Brent crude futures are trading at $67.26 Monday and West Texas Intermediate (WTI) is trade at $58.46. Malek said that the trouble with cutting production -- and the corresponding rise in oil prices -- is that it encouraged more output from U.S. shale producers as the price per barrel becomes more attractive.

More production from U.S. shale producers could affect supply and demand dynamics, putting downward pressure on oil prices if supply outweighs demand.

"The issue, however, is that at that (price) level you are seeing more U.S. shale production, more non-OPEC non-U.S. production, meaning that what you could end up seeing is a transient period of tightness but just a continuation of this oversupply that continues to recur over the next 6-12 months so you never actually see a tight market."

Staying the course

Oil markets have been digesting the latest comments from Saudi Arabia's Energy Minister Khalid Al-Falih this weekend after the 'OPEC+' group of OPEC and non-OPEC producers met in Baku, Azerbaijan.

Al-Falih said on Sunday that the 14-member OPEC and its allied 11 non-OPEC producers, led by Russia, will "stay the course" in terms of their strategic cut to production to balance supply and demand dynamics and stabilize oil prices.

He said he was optimistic" about the prospect of continued commitment to the OPEC-led production cuts and reiterated that position on Monday.

"What guides me in this group of 25 producing countries (the OPEC-plus group) is the level of inventories, and as long as the inventories are rising and are far from normal levels, we will stay the course of guiding the market toward balance.
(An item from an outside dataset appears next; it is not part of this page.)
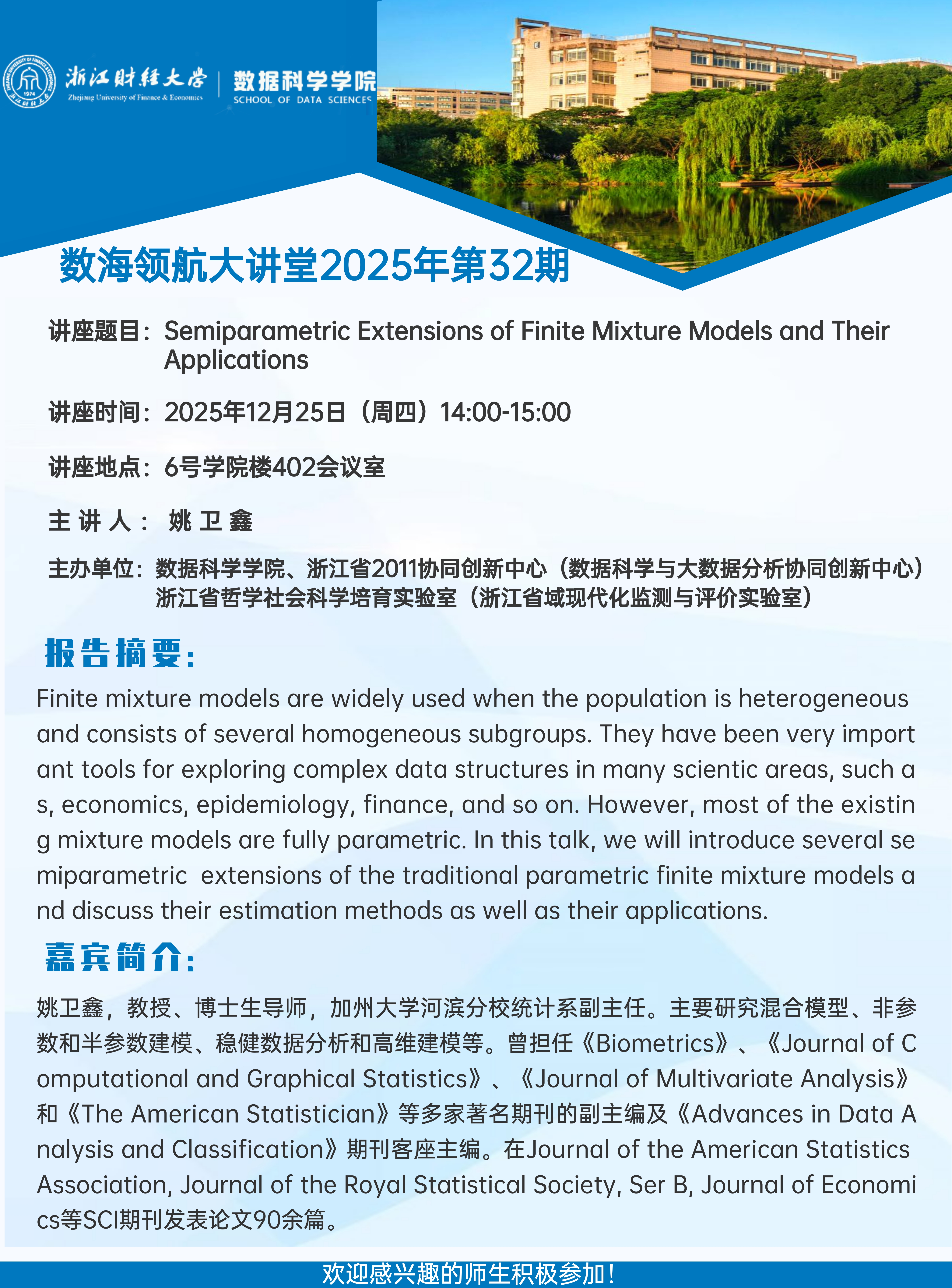 上一条:数海领航大讲堂2025年第33期——南京大学杨俊锋教授 下一条:数海领航大讲堂2025年第31期——浙江师范大学王维凡教授

I think that's what consumers and producers around the world want from us," Al-Falih told reporters in Azerbaijan.

The current arrangement sees OPEC (except for sanction-hit Venezuela and Iran, and turbulent Libya) and non-OPEC producers (bar the U.S.) cutting production by 1.2 million barrels per day and is due to last until June 2019.

"We're in a position now where they're (OPEC+ is) looking towards Iran, looking towards U.S. policy to see what the next stops are. Our base case scenario at JPMorgan is that we see cuts going on into the second-half of this year," he said.

He said Saudi Arabia wanted to "protect the price around $70 and therefore we don't see that changing even in the context of U.S. production moving higher. They're going to stay the course and we think they're going to follow-through into the second-half of the year."